Bias
The NZD remains vulnerable in a risk-off environment, with the kiwi pressured as global mood stays cautious. If risk appetite improves, the kiwi could tighten the gap; otherwise, downside pressure versus the USD and other majors may persist. (risk-off = investors move toward safer assets; policy easing = central bank cuts the policy rate.)
Key drivers
- Risk sentiment: persistent risk-off pressure weighs on the NZD as a commodity/export-linked currency.
- RBNZ policy path: October 2025 rate cut to 2.75% and expectations of further easing push the NZD under pressure.
- Relative central bank stance: the Fed’s cautious stance on rate cuts contrasts with the RBNZ’s easing cycle, affecting NZD/USD dynamics.

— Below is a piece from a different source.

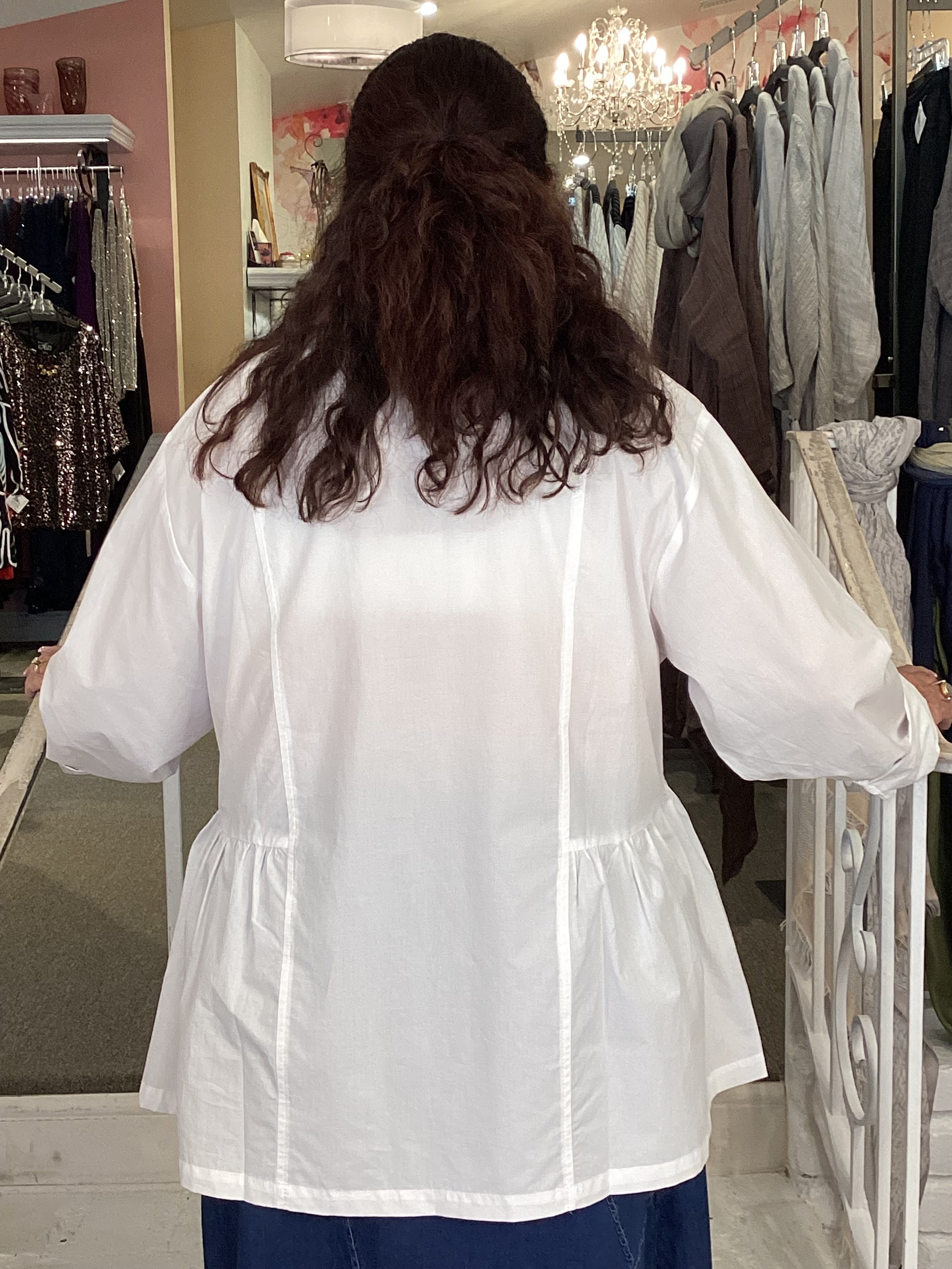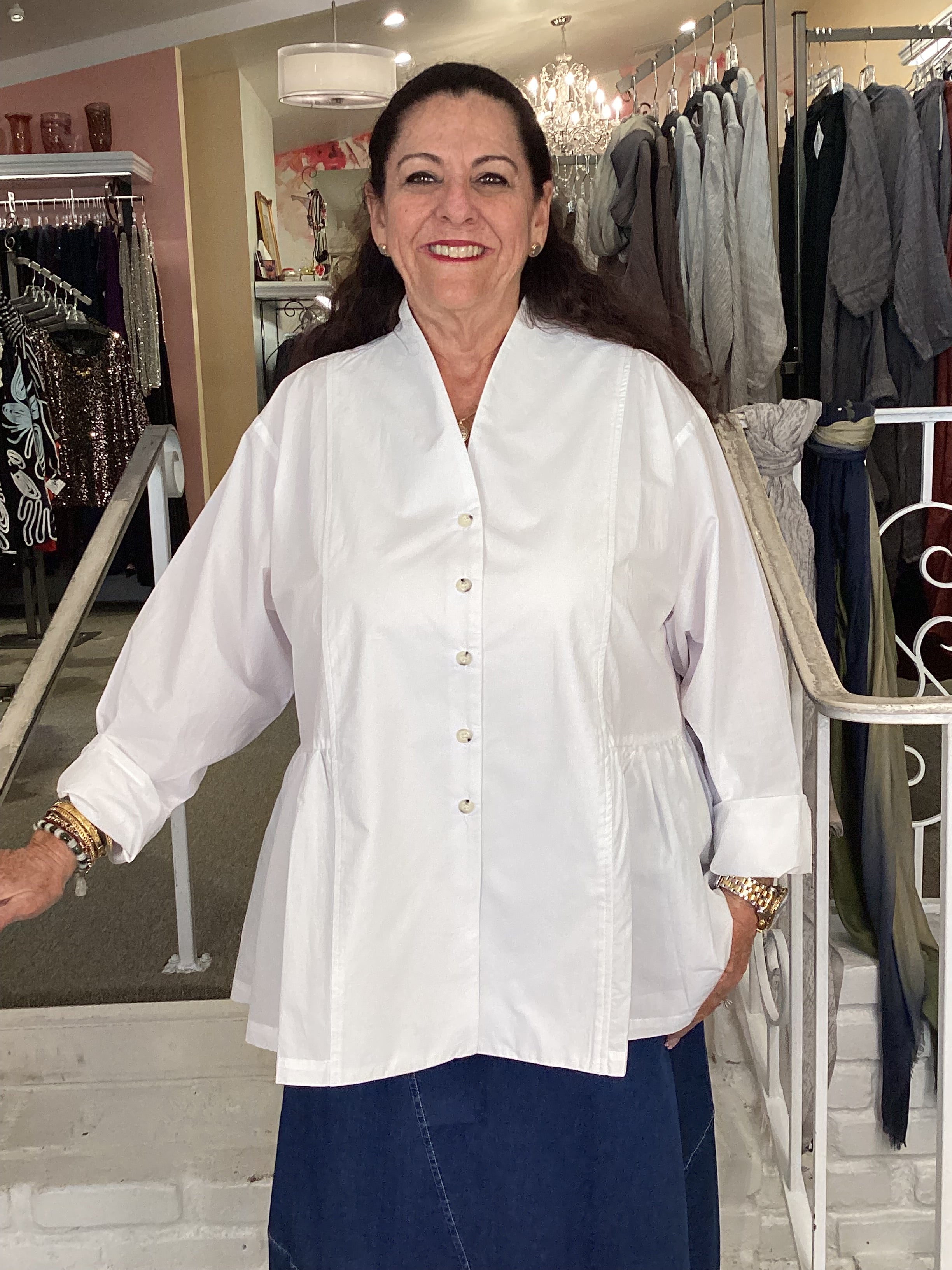 This peplum-style white button down is a great way to elevate a timeless outfit. Collarless V-neck, long cuffable sleeves, and gathered peplum detailing on sides. Full button placket that ends at the waist to allow for elegant draping.

- Trade tensions: U.S. tariffs on NZ exports heighten export revenue concerns and inflationary pressures.
- Domestic politics: the 2026 New Zealand general election introduces policy uncertainty that could influence NZD sentiment.
Range
NZD/USD is at 14-day highs near 0.5795, 1.0% above its 3-month average of 0.5737, having traded in a quite stable 4.5% range from 0.5590 to 0.5839.
NZD/EUR is at 90-day highs near 0.4977, 1.0% above its 3-month average of 0.4928, having traded in a very stable 2.6% range from 0.4850 to 0.4977.
NZD/GBP is at 14-day highs near 0.4317, near its 3-month average, having traded in a very stable 2.3% range from 0.4268 to 0.4368.
NZD/JPY is at 90-day highs near 91.64, 2.6% above its 3-month average of 89.35, having traded in a relatively stable 6.3% range from 86.24 to 91.64.
What could change it
- A rebound in global risk appetite or stronger commodity prices would lift NZD on risk-sensitive dynamics.
- A shift toward less aggressive RBNZ easing, or signals of higher policy rates than priced in, would support the NZD.
- Progress resolving U.S. tariffs on NZ exports or a cooler U.S. rate-cut path would alter USD strength and NZD prospects.
- Election outcomes that clear policy direction could reduce uncertainty and support NZD sentiment.